Railway station in New Zealand

Waitara Road railway station is a rural railway station on the modern day Waitara Branch railway serving the small locality of Brixton in New Zealand's Taranaki district. It previously served the Waitara Taranaki Co-operative Dairy Company and plant nurseries Duncan and Davies Ltd.

It is now the main working base for the Waitara Railway Preservation Society who run heritage services on the line.

==History==
The original railway station was opened in around 1883, 8 years after the opening of the New Plymouth - Waitara railway. The station was located at the crossing of Waitara Road and was opened primarily to serve the Waitara Road Dairy Factory, the first such factory in the district.

The station first appeared in timetables in 1882 as a flag station or stopping place for trains but it wasn't until 1883 that plans for a 12 wagon loop were submitted. In both 1893 and 1894, urgent requests were received for the provision of a shelter shed. But it would be November 1896 when estimates for a passenger platform and shelter shed were received, and September 1897 when the passenger platform and shelter were finally opened.

By the turn of the century, that station was described as having an accommodation shelter shed & passenger platform (southern side), a loading bank for goods and a 16-wagon loop for delivering goods. Issues remained for customers dropping off or picking up their deliveries, caused by a small loading bank and an open drain close by making cart parking tight, and also that sacks of grain, potatoes and other heavy goods were often dumped at the station building or platform on the opposite side of the track from the cart access, meaning customers had to try and back their cart over the railway line to collect their goods. This wasn't rectified until 1926 when the coal shed from Turakina was relocated as a goods shed at Waitara Road (with the addition of a verandah) - work which was costed at approximately £102.

==Decline and closure==
In the post-war years, general traffic at Waitara Road station declined as motor vehicles became more affordable. The first to go was passenger services, which were replaced with Road Services buses in 1946. Next to go was the goods shed, which was removed in late 1957 as general consignment freight reduced.

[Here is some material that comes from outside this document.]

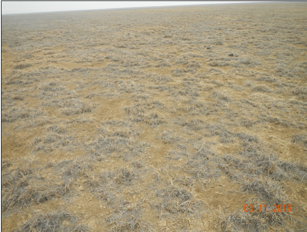
Photo 6. Facing east toward the undisturbed surrounding pasture.
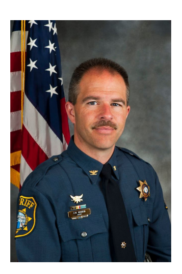
Sheriff Darrell W. Warren Jr.

The Gloucester County Sheriff's Office is a full service agency dedicated to ensuring public safety for all citizens and visitors, as well as the protection of all property in Gloucester County, Virginia.

While general traffic was falling, industrial traffic continued to keep the station running. Increasing traffic from the dairy factory (now called the Clifton Co-Operative Dairy Company, having taken over several smaller companies in the area) led to new loading warehouses being built on the former goods yard in the 1960s and a progressive expansion in the factory size.

In the late 1970s a new siding was laid to serve the plant nursery Duncan & Davies, which had relocated directly south of the station & shipped plants both nationally and internationally.

By the 1980s traffic began to drop. The dairy factory (which in 1980 became the Brixton complex for Moa-Nui Co-operative Dairies) closed in the early 1990s after over a century at the site, and Duncan & Davies stopped sending by rail before eventually going out of business completely.

Waitara Road station on 30 August 1974, showing the Clifton Co-Operative Dairy Company factory and the new Duncan and Davies nurseries (prior to the siding being laid).

The station remained technically open until 2 February 1999 when Tranz Rail closed the entire line.

== Today ==
The station still exists as the Waitara Railway Preservation Society purchased the line in 2001 and established its main base at Waitara Road.

Since then passenger facilities have been reinstated (including 2 former NZR station buildings from Tahora and Waitōtara) and new sidings have been laid (including lifting and reusing the track from the Duncan and Davies siding). Passenger services stop at the station during running days.

The neighbouring dairy factory complex still exists but is now used as a truck depot.